Retype the records exactly, including every line.

Material for this exercise:
= Beginning of Section =
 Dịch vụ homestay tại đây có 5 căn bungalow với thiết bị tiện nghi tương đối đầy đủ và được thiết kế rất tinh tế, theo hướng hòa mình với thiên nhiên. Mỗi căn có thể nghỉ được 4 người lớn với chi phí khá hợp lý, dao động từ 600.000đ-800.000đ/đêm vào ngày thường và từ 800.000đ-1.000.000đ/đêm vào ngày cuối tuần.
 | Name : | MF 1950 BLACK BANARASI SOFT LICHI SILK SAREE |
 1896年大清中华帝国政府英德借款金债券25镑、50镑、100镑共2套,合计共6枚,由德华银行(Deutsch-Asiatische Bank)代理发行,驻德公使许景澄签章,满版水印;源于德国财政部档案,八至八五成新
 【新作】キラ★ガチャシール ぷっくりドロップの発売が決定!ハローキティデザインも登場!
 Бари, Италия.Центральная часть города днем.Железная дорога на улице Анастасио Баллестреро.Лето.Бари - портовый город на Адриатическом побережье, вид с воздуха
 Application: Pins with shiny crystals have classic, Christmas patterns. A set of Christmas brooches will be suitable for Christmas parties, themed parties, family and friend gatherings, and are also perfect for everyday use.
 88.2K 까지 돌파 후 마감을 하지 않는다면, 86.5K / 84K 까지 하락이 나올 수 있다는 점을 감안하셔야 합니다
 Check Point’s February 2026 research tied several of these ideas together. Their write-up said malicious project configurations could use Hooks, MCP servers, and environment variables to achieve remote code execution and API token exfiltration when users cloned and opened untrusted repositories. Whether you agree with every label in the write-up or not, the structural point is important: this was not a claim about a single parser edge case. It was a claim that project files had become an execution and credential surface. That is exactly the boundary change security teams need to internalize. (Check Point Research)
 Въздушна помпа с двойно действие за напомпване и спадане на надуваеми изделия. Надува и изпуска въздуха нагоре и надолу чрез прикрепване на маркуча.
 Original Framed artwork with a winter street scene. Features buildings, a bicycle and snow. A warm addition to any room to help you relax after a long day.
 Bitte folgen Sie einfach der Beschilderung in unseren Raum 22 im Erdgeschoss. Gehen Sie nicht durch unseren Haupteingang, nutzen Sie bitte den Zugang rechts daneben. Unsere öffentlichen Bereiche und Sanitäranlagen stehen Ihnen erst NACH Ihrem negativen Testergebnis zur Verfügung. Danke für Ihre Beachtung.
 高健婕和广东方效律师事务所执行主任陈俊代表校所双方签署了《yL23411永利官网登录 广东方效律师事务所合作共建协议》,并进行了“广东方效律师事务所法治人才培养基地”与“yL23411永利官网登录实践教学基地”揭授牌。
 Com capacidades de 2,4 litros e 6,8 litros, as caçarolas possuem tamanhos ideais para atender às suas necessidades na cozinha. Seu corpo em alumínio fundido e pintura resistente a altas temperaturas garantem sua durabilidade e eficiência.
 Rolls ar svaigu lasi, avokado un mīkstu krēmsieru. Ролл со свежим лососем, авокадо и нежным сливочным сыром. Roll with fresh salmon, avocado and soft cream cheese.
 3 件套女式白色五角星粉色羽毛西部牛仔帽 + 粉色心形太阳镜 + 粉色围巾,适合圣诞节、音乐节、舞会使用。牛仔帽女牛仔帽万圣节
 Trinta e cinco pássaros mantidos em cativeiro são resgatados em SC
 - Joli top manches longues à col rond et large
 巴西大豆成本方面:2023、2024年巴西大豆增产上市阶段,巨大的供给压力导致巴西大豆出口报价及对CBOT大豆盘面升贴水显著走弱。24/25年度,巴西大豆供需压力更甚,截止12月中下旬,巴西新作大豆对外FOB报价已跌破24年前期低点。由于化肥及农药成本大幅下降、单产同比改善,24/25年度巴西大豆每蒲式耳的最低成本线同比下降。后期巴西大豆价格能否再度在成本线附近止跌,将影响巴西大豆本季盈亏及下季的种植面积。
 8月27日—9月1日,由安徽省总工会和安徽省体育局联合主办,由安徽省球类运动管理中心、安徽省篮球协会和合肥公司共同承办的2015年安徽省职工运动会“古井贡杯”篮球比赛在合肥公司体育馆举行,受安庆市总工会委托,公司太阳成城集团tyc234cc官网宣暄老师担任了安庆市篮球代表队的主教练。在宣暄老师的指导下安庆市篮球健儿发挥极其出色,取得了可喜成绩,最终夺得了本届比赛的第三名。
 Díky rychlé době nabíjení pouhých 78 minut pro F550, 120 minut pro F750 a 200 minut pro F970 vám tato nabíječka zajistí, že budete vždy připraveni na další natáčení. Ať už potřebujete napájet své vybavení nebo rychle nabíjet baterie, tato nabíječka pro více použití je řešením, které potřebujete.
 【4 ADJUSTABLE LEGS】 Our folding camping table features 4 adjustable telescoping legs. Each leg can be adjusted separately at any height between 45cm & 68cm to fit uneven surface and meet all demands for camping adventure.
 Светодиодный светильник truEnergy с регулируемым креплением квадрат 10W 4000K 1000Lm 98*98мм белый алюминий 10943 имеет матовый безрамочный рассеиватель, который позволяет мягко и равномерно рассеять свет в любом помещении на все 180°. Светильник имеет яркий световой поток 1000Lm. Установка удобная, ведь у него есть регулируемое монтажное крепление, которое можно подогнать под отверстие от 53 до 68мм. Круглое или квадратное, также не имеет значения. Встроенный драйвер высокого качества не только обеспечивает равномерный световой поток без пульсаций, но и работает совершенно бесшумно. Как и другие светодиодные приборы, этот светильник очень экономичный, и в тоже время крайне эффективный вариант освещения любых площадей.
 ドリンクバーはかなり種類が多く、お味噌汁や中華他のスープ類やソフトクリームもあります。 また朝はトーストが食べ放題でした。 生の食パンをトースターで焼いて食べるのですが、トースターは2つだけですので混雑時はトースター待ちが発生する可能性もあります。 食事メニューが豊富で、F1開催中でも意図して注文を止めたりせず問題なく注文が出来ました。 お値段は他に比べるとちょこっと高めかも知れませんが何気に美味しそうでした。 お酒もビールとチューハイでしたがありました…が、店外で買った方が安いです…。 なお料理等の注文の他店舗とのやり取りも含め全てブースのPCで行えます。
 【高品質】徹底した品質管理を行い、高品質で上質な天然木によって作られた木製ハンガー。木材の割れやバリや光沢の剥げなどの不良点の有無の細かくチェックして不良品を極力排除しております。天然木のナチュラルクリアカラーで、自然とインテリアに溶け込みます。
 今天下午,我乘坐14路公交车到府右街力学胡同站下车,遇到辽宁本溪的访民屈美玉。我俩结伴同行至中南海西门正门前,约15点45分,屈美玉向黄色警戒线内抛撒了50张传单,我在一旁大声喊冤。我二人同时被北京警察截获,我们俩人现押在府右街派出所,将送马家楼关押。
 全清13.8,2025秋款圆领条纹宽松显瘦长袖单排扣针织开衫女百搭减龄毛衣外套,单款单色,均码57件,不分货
= End of Section =
Task solution:
 Dịch vụ homestay tại đây có 5 căn bungalow với thiết bị tiện nghi tương đối đầy đủ và được thiết kế rất tinh tế, theo hướng hòa mình với thiên nhiên. Mỗi căn có thể nghỉ được 4 người lớn với chi phí khá hợp lý, dao động từ 600.000đ-800.000đ/đêm vào ngày thường và từ 800.000đ-1.000.000đ/đêm vào ngày cuối tuần.
 | Name : | MF 1950 BLACK BANARASI SOFT LICHI SILK SAREE |
 1896年大清中华帝国政府英德借款金债券25镑、50镑、100镑共2套,合计共6枚,由德华银行(Deutsch-Asiatische Bank)代理发行,驻德公使许景澄签章,满版水印;源于德国财政部档案,八至八五成新
 【新作】キラ★ガチャシール ぷっくりドロップの発売が決定!ハローキティデザインも登場!
 Бари, Италия.Центральная часть города днем.Железная дорога на улице Анастасио Баллестреро.Лето.Бари - портовый город на Адриатическом побережье, вид с воздуха
 Application: Pins with shiny crystals have classic, Christmas patterns. A set of Christmas brooches will be suitable for Christmas parties, themed parties, family and friend gatherings, and are also perfect for everyday use.
 88.2K 까지 돌파 후 마감을 하지 않는다면, 86.5K / 84K 까지 하락이 나올 수 있다는 점을 감안하셔야 합니다
 Check Point’s February 2026 research tied several of these ideas together. Their write-up said malicious project configurations could use Hooks, MCP servers, and environment variables to achieve remote code execution and API token exfiltration when users cloned and opened untrusted repositories. Whether you agree with every label in the write-up or not, the structural point is important: this was not a claim about a single parser edge case. It was a claim that project files had become an execution and credential surface. That is exactly the boundary change security teams need to internalize. (Check Point Research)
 Въздушна помпа с двойно действие за напомпване и спадане на надуваеми изделия. Надува и изпуска въздуха нагоре и надолу чрез прикрепване на маркуча.
 Original Framed artwork with a winter street scene. Features buildings, a bicycle and snow. A warm addition to any room to help you relax after a long day.
 Bitte folgen Sie einfach der Beschilderung in unseren Raum 22 im Erdgeschoss. Gehen Sie nicht durch unseren Haupteingang, nutzen Sie bitte den Zugang rechts daneben. Unsere öffentlichen Bereiche und Sanitäranlagen stehen Ihnen erst NACH Ihrem negativen Testergebnis zur Verfügung. Danke für Ihre Beachtung.
 高健婕和广东方效律师事务所执行主任陈俊代表校所双方签署了《yL23411永利官网登录 广东方效律师事务所合作共建协议》,并进行了“广东方效律师事务所法治人才培养基地”与“yL23411永利官网登录实践教学基地”揭授牌。
 Com capacidades de 2,4 litros e 6,8 litros, as caçarolas possuem tamanhos ideais para atender às suas necessidades na cozinha. Seu corpo em alumínio fundido e pintura resistente a altas temperaturas garantem sua durabilidade e eficiência.
 Rolls ar svaigu lasi, avokado un mīkstu krēmsieru. Ролл со свежим лососем, авокадо и нежным сливочным сыром. Roll with fresh salmon, avocado and soft cream cheese.
 3 件套女式白色五角星粉色羽毛西部牛仔帽 + 粉色心形太阳镜 + 粉色围巾,适合圣诞节、音乐节、舞会使用。牛仔帽女牛仔帽万圣节
 Trinta e cinco pássaros mantidos em cativeiro são resgatados em SC
 - Joli top manches longues à col rond et large
 巴西大豆成本方面:2023、2024年巴西大豆增产上市阶段,巨大的供给压力导致巴西大豆出口报价及对CBOT大豆盘面升贴水显著走弱。24/25年度,巴西大豆供需压力更甚,截止12月中下旬,巴西新作大豆对外FOB报价已跌破24年前期低点。由于化肥及农药成本大幅下降、单产同比改善,24/25年度巴西大豆每蒲式耳的最低成本线同比下降。后期巴西大豆价格能否再度在成本线附近止跌,将影响巴西大豆本季盈亏及下季的种植面积。
 8月27日—9月1日,由安徽省总工会和安徽省体育局联合主办,由安徽省球类运动管理中心、安徽省篮球协会和合肥公司共同承办的2015年安徽省职工运动会“古井贡杯”篮球比赛在合肥公司体育馆举行,受安庆市总工会委托,公司太阳成城集团tyc234cc官网宣暄老师担任了安庆市篮球代表队的主教练。在宣暄老师的指导下安庆市篮球健儿发挥极其出色,取得了可喜成绩,最终夺得了本届比赛的第三名。
 Díky rychlé době nabíjení pouhých 78 minut pro F550, 120 minut pro F750 a 200 minut pro F970 vám tato nabíječka zajistí, že budete vždy připraveni na další natáčení. Ať už potřebujete napájet své vybavení nebo rychle nabíjet baterie, tato nabíječka pro více použití je řešením, které potřebujete.
 【4 ADJUSTABLE LEGS】 Our folding camping table features 4 adjustable telescoping legs. Each leg can be adjusted separately at any height between 45cm & 68cm to fit uneven surface and meet all demands for camping adventure.
 Светодиодный светильник truEnergy с регулируемым креплением квадрат 10W 4000K 1000Lm 98*98мм белый алюминий 10943 имеет матовый безрамочный рассеиватель, который позволяет мягко и равномерно рассеять свет в любом помещении на все 180°. Светильник имеет яркий световой поток 1000Lm. Установка удобная, ведь у него есть регулируемое монтажное крепление, которое можно подогнать под отверстие от 53 до 68мм. Круглое или квадратное, также не имеет значения. Встроенный драйвер высокого качества не только обеспечивает равномерный световой поток без пульсаций, но и работает совершенно бесшумно. Как и другие светодиодные приборы, этот светильник очень экономичный, и в тоже время крайне эффективный вариант освещения любых площадей.
 ドリンクバーはかなり種類が多く、お味噌汁や中華他のスープ類やソフトクリームもあります。 また朝はトーストが食べ放題でした。 生の食パンをトースターで焼いて食べるのですが、トースターは2つだけですので混雑時はトースター待ちが発生する可能性もあります。 食事メニューが豊富で、F1開催中でも意図して注文を止めたりせず問題なく注文が出来ました。 お値段は他に比べるとちょこっと高めかも知れませんが何気に美味しそうでした。 お酒もビールとチューハイでしたがありました…が、店外で買った方が安いです…。 なお料理等の注文の他店舗とのやり取りも含め全てブースのPCで行えます。
 【高品質】徹底した品質管理を行い、高品質で上質な天然木によって作られた木製ハンガー。木材の割れやバリや光沢の剥げなどの不良点の有無の細かくチェックして不良品を極力排除しております。天然木のナチュラルクリアカラーで、自然とインテリアに溶け込みます。
 今天下午,我乘坐14路公交车到府右街力学胡同站下车,遇到辽宁本溪的访民屈美玉。我俩结伴同行至中南海西门正门前,约15点45分,屈美玉向黄色警戒线内抛撒了50张传单,我在一旁大声喊冤。我二人同时被北京警察截获,我们俩人现押在府右街派出所,将送马家楼关押。
 全清13.8,2025秋款圆领条纹宽松显瘦长袖单排扣针织开衫女百搭减龄毛衣外套,单款单色,均码57件,不分货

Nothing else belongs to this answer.